А всё же бывали минуты, когда они яро ненавидели своё стадо и страшились его панически, до обморока. Это когда распахивались по утрам главные ворота, и лагерная вахта передавала колонну в руки конвоя. Собак уже заранее била дрожь, они впадали в истерику, захлёбывались лаем. Ведь крохотная горстка против огромной толпы, которой что стоило разбежаться - в открытом поле, на лесной просеке. "Бежать, бежать!" - так и слышалось в их дробной поступи, разило от их штанов и подмышек, грозовым облаком реяло над головами; и каждая шерстинка на Руслане насыщалась электричеством, готовая растрещаться искрами. Вот сейчас это случится, сейчас они кинутся врассыпную - и он оплошает, сделает что-нибудь не так.
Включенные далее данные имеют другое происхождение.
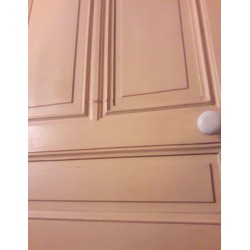 Le montage de menuiserie est classique avec panneaux à plates bandes, tenons mortaises et chevilles. Fines et élégantes moulures dans le bâti de la porte, repris sur les cadres,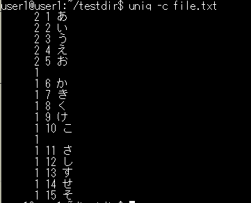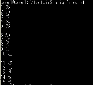 基本構文:uniq ファイル名
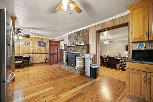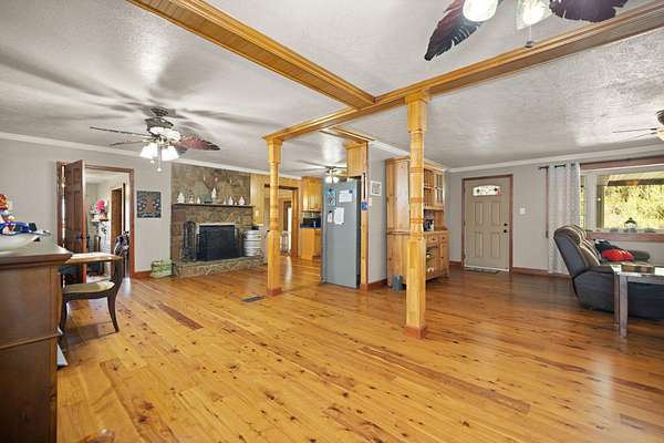 Escape to your own private retreat with this beautiful 20-acre property offering space, privacy, and functionality. This unique home features a spacious open floor plan with warm wood finishes, a large kitchen with ample cabinetry, and inviting living areas perfect for entertaining or relaxing. Outside, enjoy expansive covered porches and a massive carport area ideal for vehicles, equipment, or gatherings. The surrounding acreage provides endless possibilities-whether you're looking for room to roam, hunt, farm, or simply enjoy nature. Equipped with a brand-new Generac generator, this home ensures you'll never be without power, offering peace of mind year-round. A rare opportunity to own acreage with comfort, convenience, and versatility-don't miss your chance to make it yours!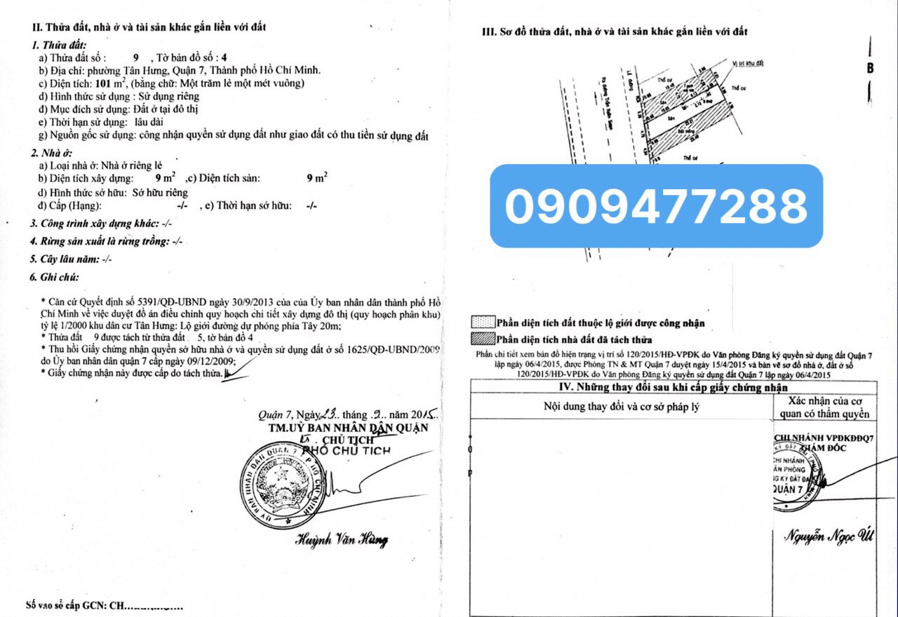 Bán lô đất hẻm 793 Trần Xuân Soạn, Khu Kiều Đàm Quận 7 dt 4x13m giá 5,3 tỷ lh 0909477288

Но понемногу передавалось ему спокойствие хозяев - они-то, высшие существа, хоть и обделённые нюхом, знали всё наперёд: ничего не случится, ничего такого уж страшного. И точно, запах бегства выветривался скоро, а сквозь него уже пробивался другой, всё густеющий, набирающий едкости, чесночный запах страха. Им тянуло откуда-то снизу, от ног, которые уже спотыкались, отказывались бежать, отказывались нести ослабшее, повязанное нерешительностью тело. И у него отлегало от сердца, и вот уже собаки весело переглядывались, развесив длиннющие языки, не скрывая жаркой одышки, - пронесло!.. Просто этим больным опять что-нибудь померещилось, всё та же ими придуманная лучшая жизнь; скоро это пройдёт у них - вот даже вечером, после работы, о бегстве и мысли не будет, только бы до тепла добраться. Но сколько же с ними муки, сколько хлопот они доставляли своим терпеливым санитарам с автоматами и их четверолапым помощникам!
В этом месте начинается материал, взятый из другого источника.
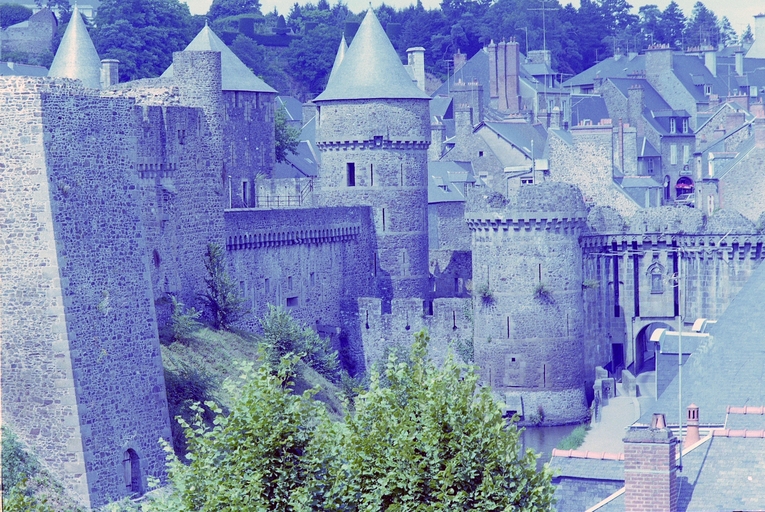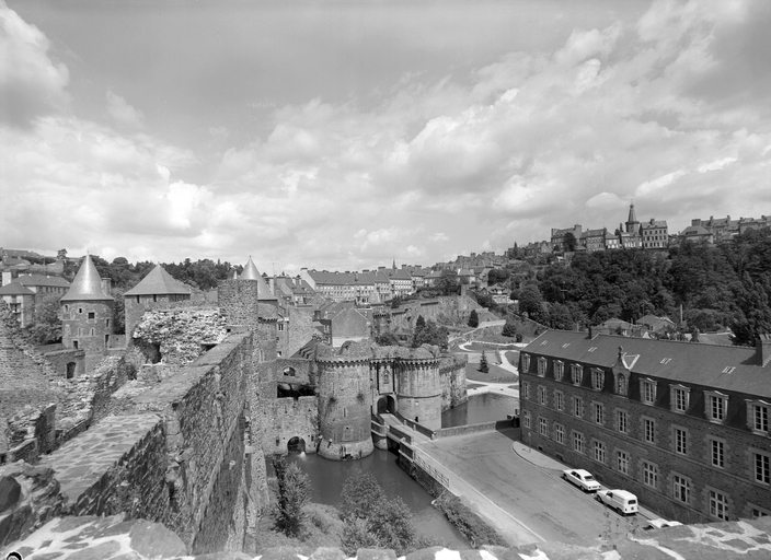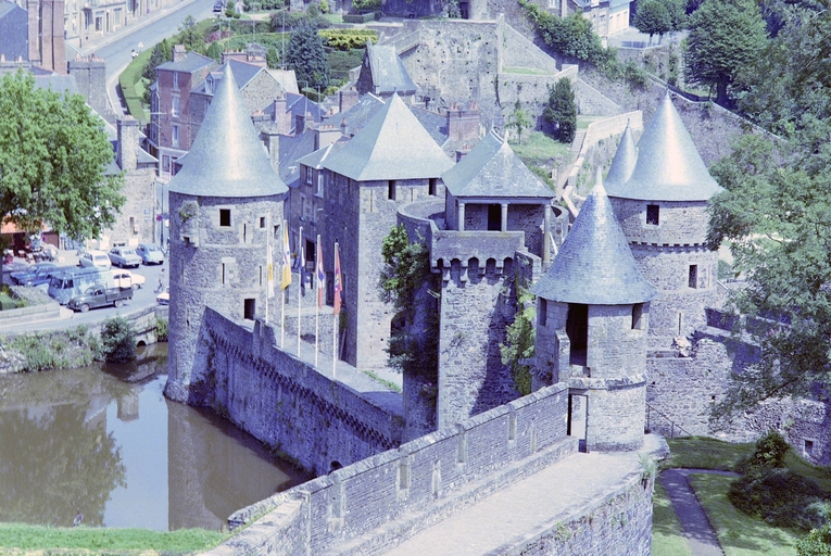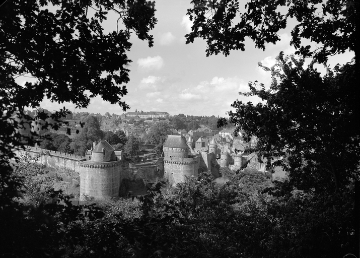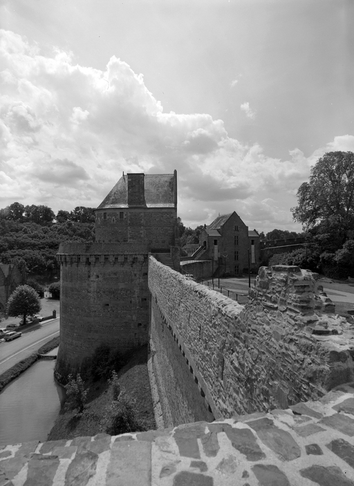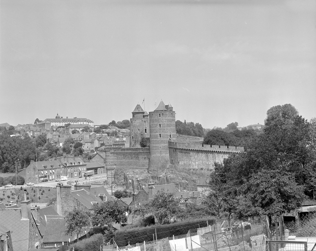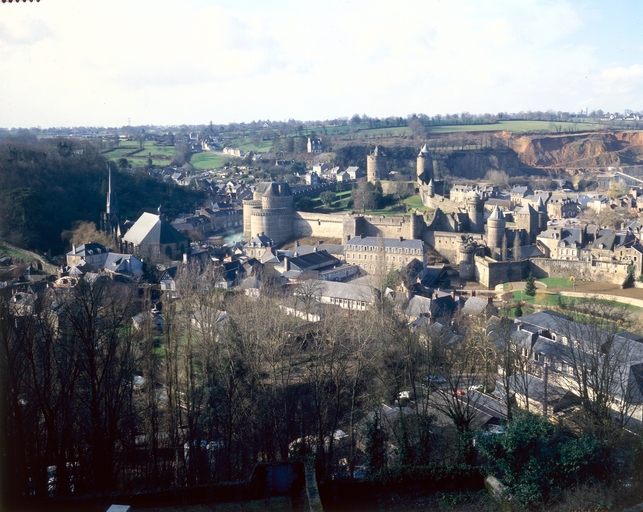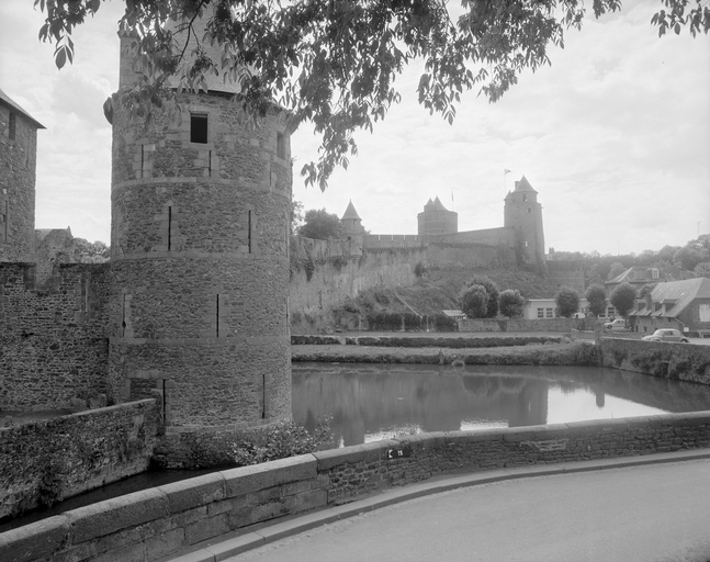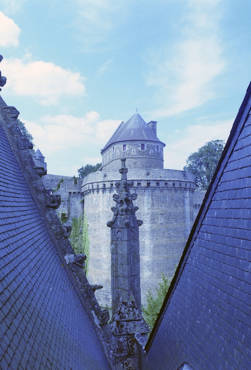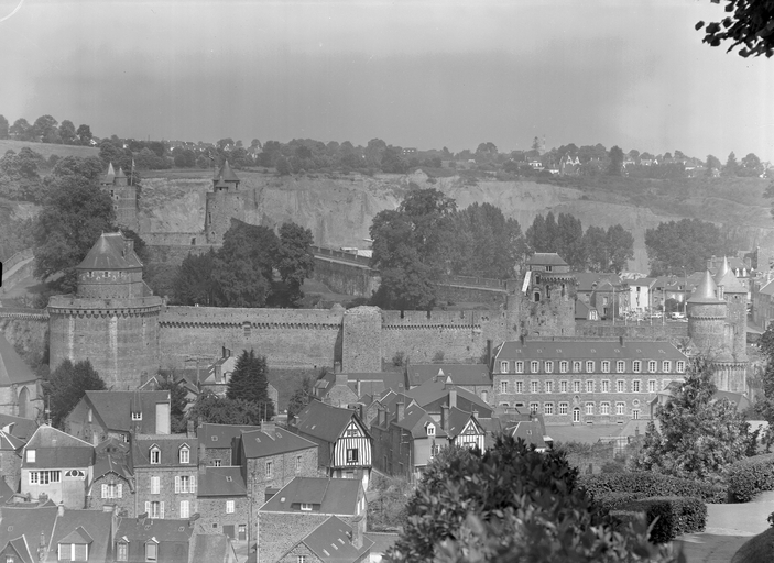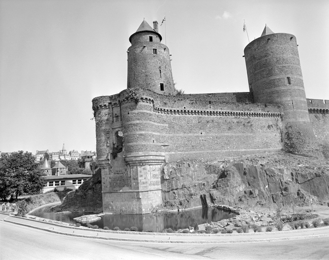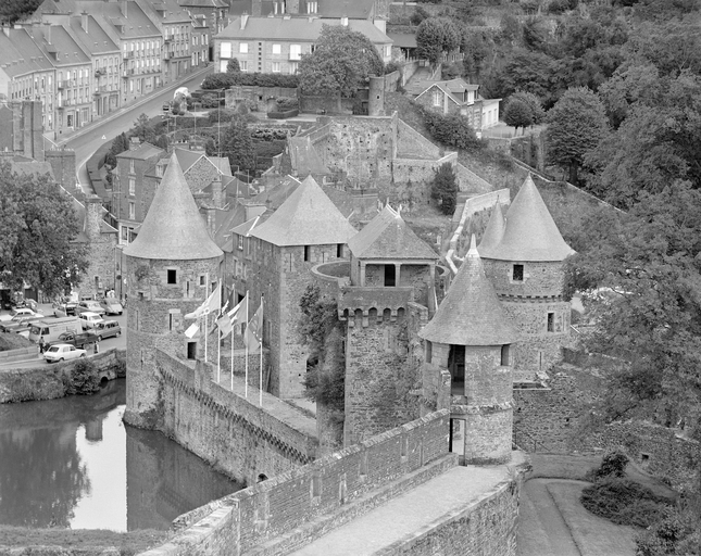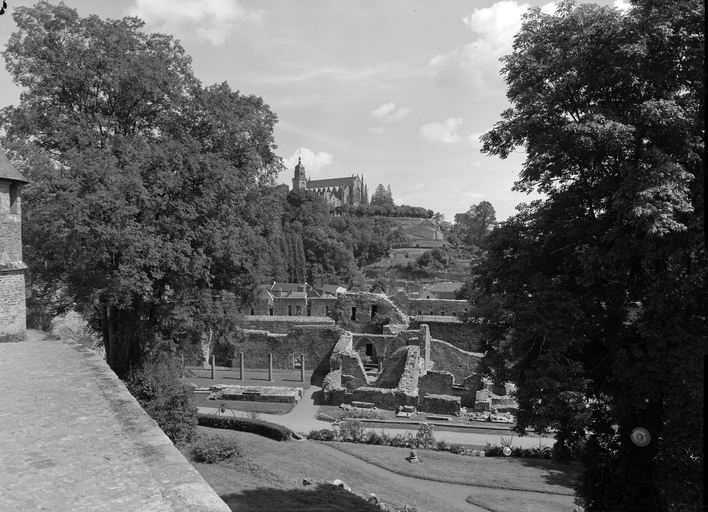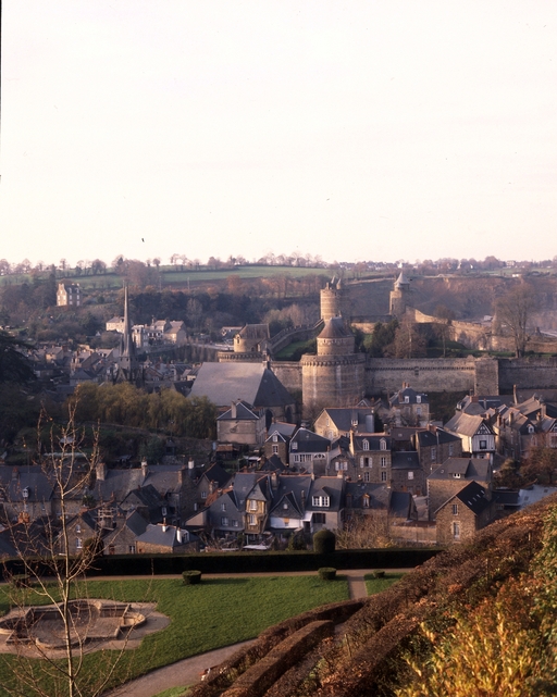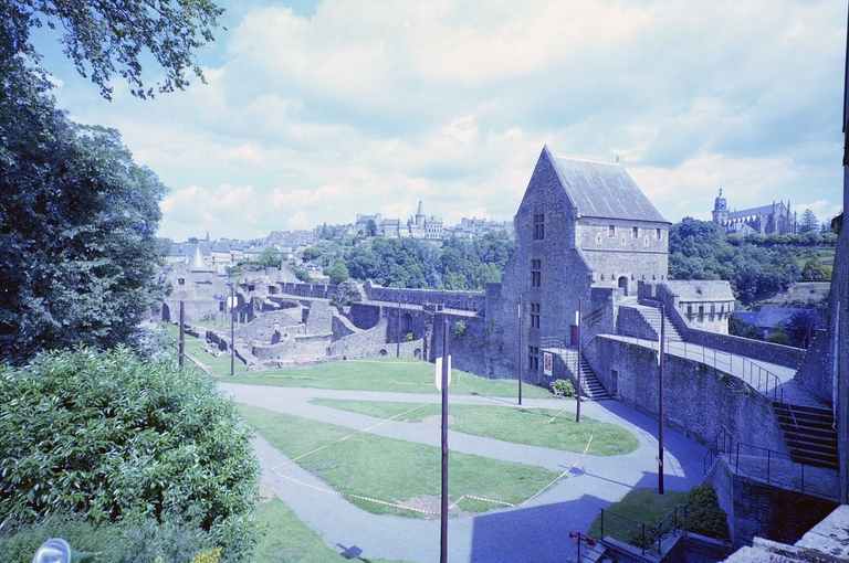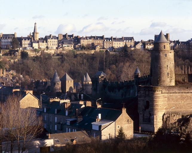 Château antérieur ruiné en 1166 ; reconstruit vers 1173 pour Raoul II (tours d'entrée, tour de Coigny) ; tour Mélusine 14e siècle ; tour du Gobelin remaniée 14e siècle ; tours d'Amboise 1ère moitié 15e siècle pour Pierre II ; tours Raoul et Surienne entre 1480 et 1485 ; logis 14e siècle détruit vers 1810, 1820 ; inscriptions modernes ; marques de tâcheron sur les tours Raoul et Surienne.

Только редкие выздоравливали, - и Руслану случалось видеть, какими их выпускали из этого санатория: тихими, излучавшими ровный свет. Свою злобу они оставляли у ворот и говорили вахтёру со слабой улыбкой, всегда одинаково, как пароль:

- Дай Бог, не встретимся.

- Бывай! - звучал отзыв, отрывистый и чёткий, как команда. В нём слышалась уверенность, что болезнь не повторится. - Поправляйсь, доходяга!
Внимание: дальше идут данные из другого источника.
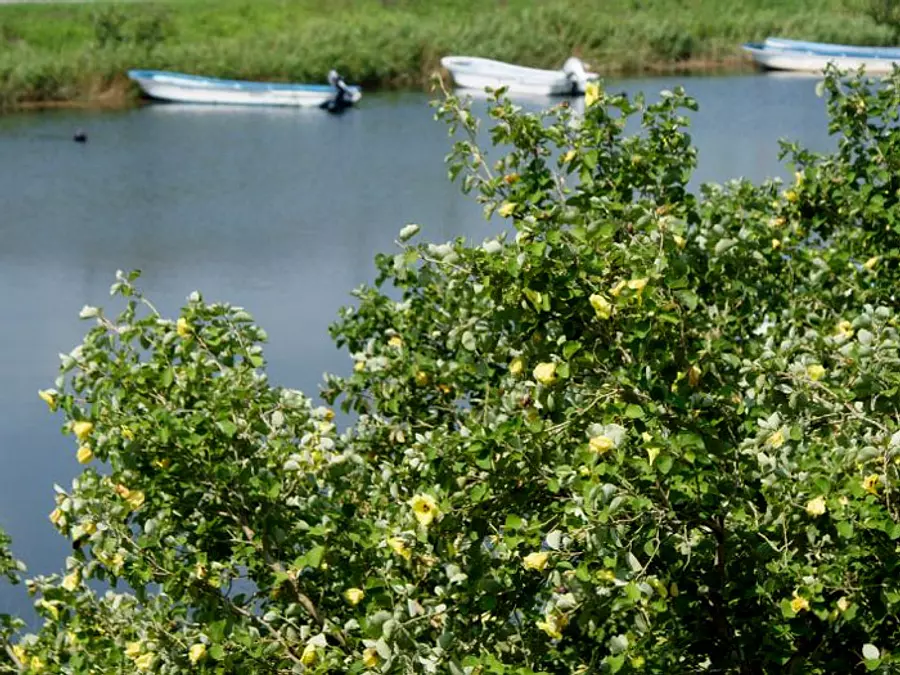 ハマボウとは海沿いを中心に生育し、夏になると黄色いハイビスカスに似た花を咲かせるアオイ科の木。碧川河口付近に群生し、7~8月ごろに花を咲かせます。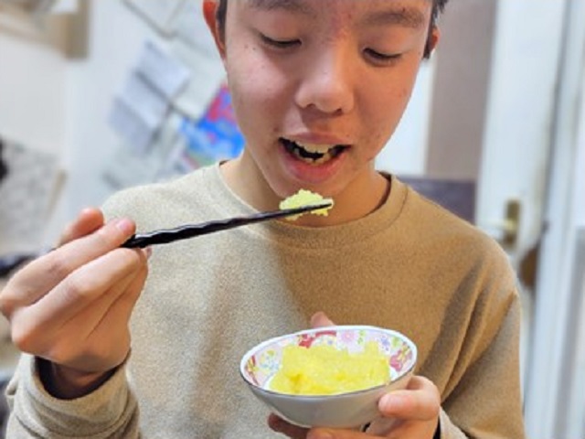 僕には双子の兄弟がいる。スポーツ推薦で高校が決まった僕は、必死に勉強しなくてはいけないという状況ではないが、彼は2月の高校入試に向けて、毎日塾に通い、帰宅してからも勉強するという、勉強漬けの日々だ。そんな兄弟のために、大好物の栗きんとんを作った。これを食べて、志望校合格に向けて頑張れ!

Но вот, когда уже несколько случаев накопилось исцелений и когда явились надежды, что эти люди забудут и своё буйство, и драки, и свои глупые мечты и станут все сплошь тихими и просветлёнными, они вдруг взяли и убежали разом. Об их вероломстве он думал теперь беззлобно, жалел, что они так неразумно поступили, не поняли, где им по-настоящему хорошо. Сам он о лагере вспоминал только хорошее - и разве не было его там? Пожив на воле, он мог уже кое-что и сравнить. Там не были люди равнодушны друг к другу, там следили за каждым в оба глаза, и считался человек величайшей ценностью, какой и сам себе не казался. И эту его ценность от него же приходилось оберегать, его же самого наказывать, ранить и бить, когда он её пытался растратить в побегах. Всё-таки есть она, есть - жестокость спасения! Ведь рубят же мачты у корабля, когда хотят его спасти. Ведь кромсает наше тело хирург, когда надеется вылечить. Жестокая служба любви - подчас и кровавая - досталась Руслану, и нёс он её долгие годы изо дня в день без отдыха, - но тем слаще она теперь казалась.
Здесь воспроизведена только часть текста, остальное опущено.